Hudson R C, Daniel R M
Microbial Biochemistry and Biotechnology Unit, School of Science and Technology, University of Waikato, Hamilton, New Zealand.
Biochim Biophys Acta. 1995 Jul 3;1250(1):60-8. doi: 10.1016/0167-4838(95)00043-t.

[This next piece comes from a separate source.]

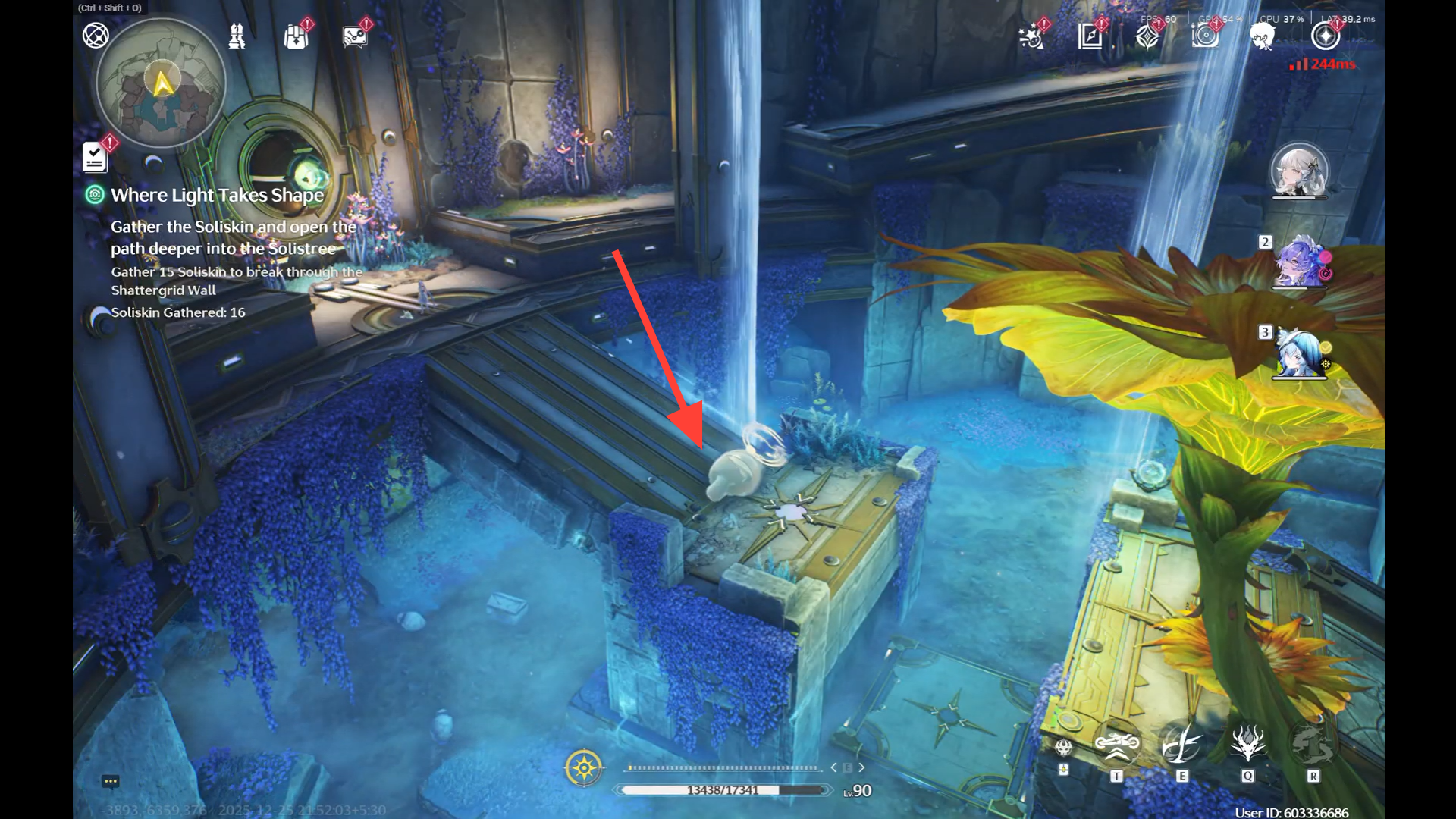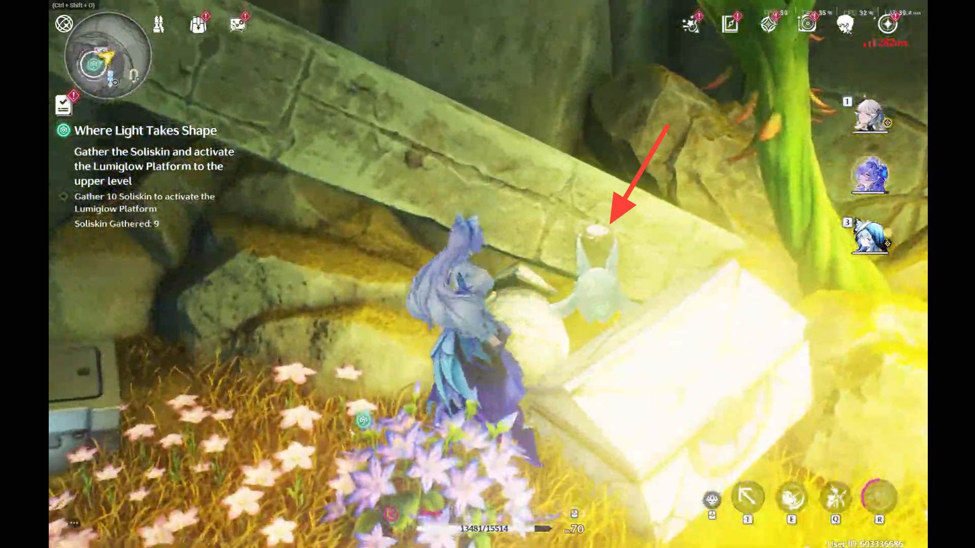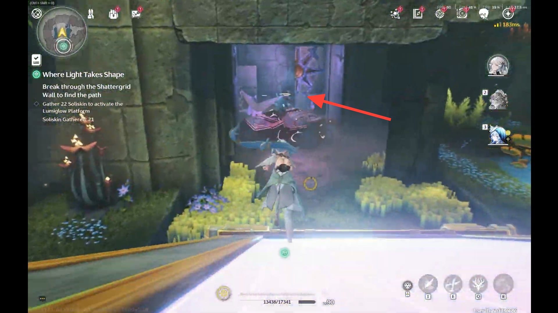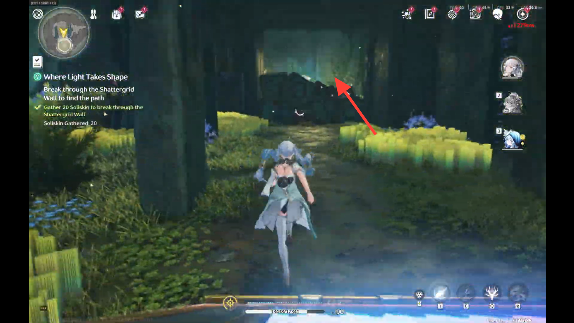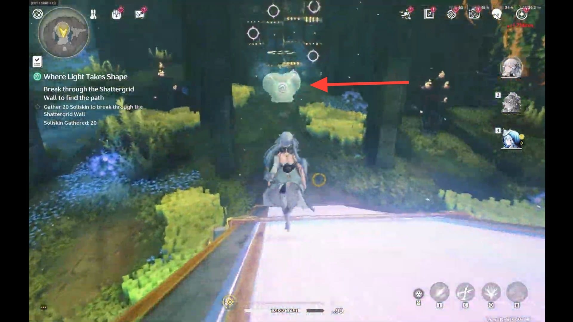 Find 1 more Soliskin to get 15 Soliskins that will help you break the Shattergrid Wall. This Soliskin is sitting right below the yellow glowing flower.
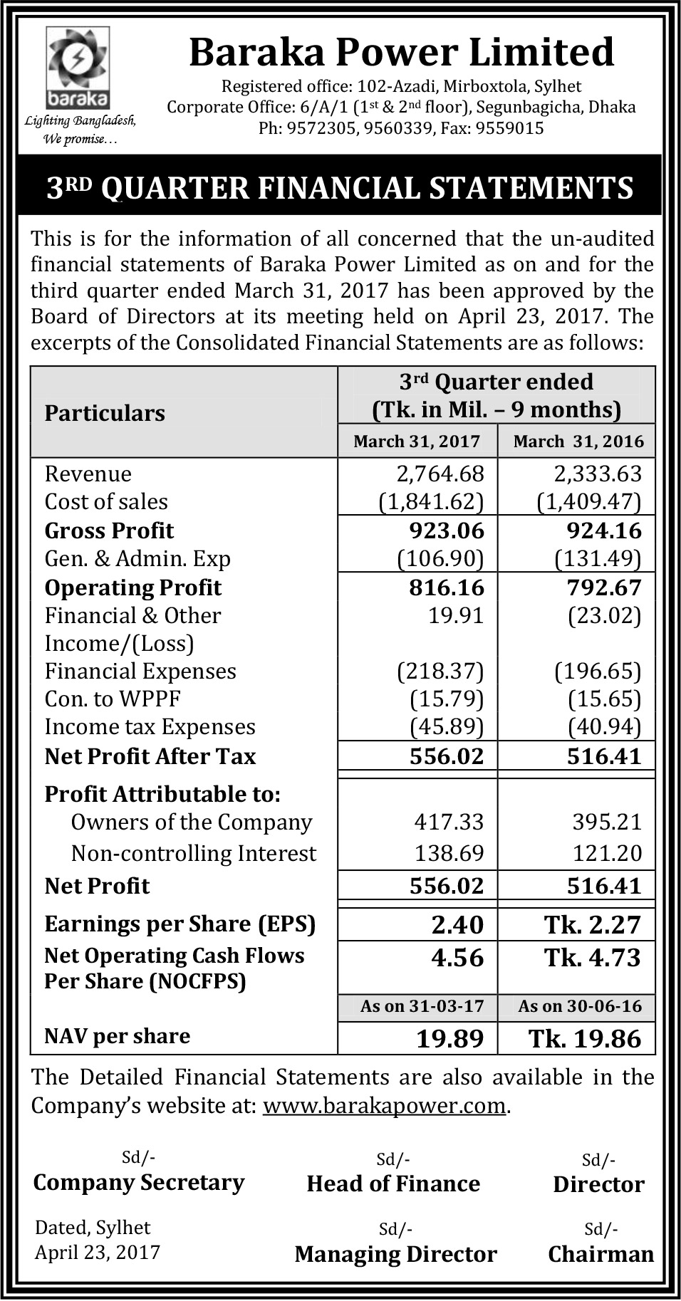 Notice to the Shareholders/Investors of Baraka Power Limited

A steady state kinetic study was carried out with the glutamate dehydrogenase from the thermophilic, archaebacterial isolate AN1. Initial velocity studies of the oxidative deamination reaction showed the mechanism is sequential and indicated that the order of substrate addition is random, while inhibition studies with products and substrate analogues suggested a strong preference for NADP+ to bind first. Initial velocity studies of the reductive amination reaction showed that the mechanism is sequential and indicated that the order of substrate addition is random, while product inhibition studies and the effect of substrate saturation on the initial velocity suggested that the preferred order of substrate addition is NADPH, 2-ketoglutarate, ammonia.
对嗜热古细菌分离株AN1的谷氨酸脱氢酶进行了稳态动力学研究。氧化脱氨反应的初始速度研究表明,其机制是有序的,底物添加顺序是随机的,而产物和底物类似物的抑制研究表明,强烈倾向于NADP+先结合。还原胺化反应的初始速度研究表明,其机制是有序的,底物添加顺序是随机的,而产物抑制研究以及底物饱和度对初始速度的影响表明,底物添加的优先顺序是NADPH、2-酮戊二酸、氨。